- Born: 26 October 1946 Winnipeg, Manitoba
- Died: January 12, 2021 (aged 74) Winnipeg, Manitoba
- Genres: Folk
- Years active: 1961–2012

= Shingoose =

Canadian folk musician (1946–2021)

Curtis Jonnie (26 October 1946 – 12 January 2021), better known by his stage name Shingoose, was an Ojibwe singer and songwriter from Canada. He played in Roy Buchanan's band during the early part of his career. He also recorded with Bruce Cockburn in his first album, Native Country. Shingoose was inducted into the Manitoba Music Hall of Fame in 2012.

==Early life==
Shingoose was born in Winnipeg, Manitoba, on 26 October 1946. He was a member of the Roseau River Anishinabe First Nation. At the age of four, he was adopted by a Mennonite family in Steinbach as part of the Sixties Scoop.

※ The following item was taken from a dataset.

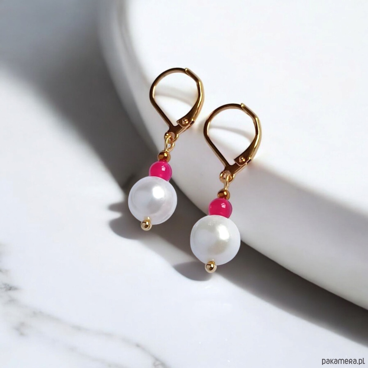 Proste, ale bardzo atrakcyjne kolczyki wykonane ze sporych, naturalnych pereł słodkowodnych (ok.9mm) oraz agatu w intensywnym fuksjowym kolorze (ok.3,5mm)

As a child in Steinbach, he grew up with Patrick Friesen, who later became a notable poet. He began singing in church choirs, and joined the Nebraska-based Boystown Concert Choir after moving to the United States at age 15. In the late 1960s and 1970s, he performed with several rock and rhythm and blues bands in Washington, D.C., and New York City, including a stint in Roy Buchanan's band.

==Career==
Shingoose returned to Winnipeg in 1973. Inspired by the contemporaneous American Indian Movement, he began performing as a singer-songwriter, adopting his great-grandfather's name. His first recording, Native Country in 1975, featured contributions from Bruce Cockburn. That album was the only one released on the Indigenous record label founded by him named "Native Country". Even though the label existed only for a brief period of time, Shingoose was described as a "visionary ahead of his time" for having created it. In that same decade, he signed a songwriting deal with Glen Campbell for five years. The partnership eventually folded when Campbell changed his musical focus. Shingoose also toured extensively across Canada, performing shows in clubs and university campuses and on the folk festival circuit. His second album, Ballad of Norval, was released in 1979.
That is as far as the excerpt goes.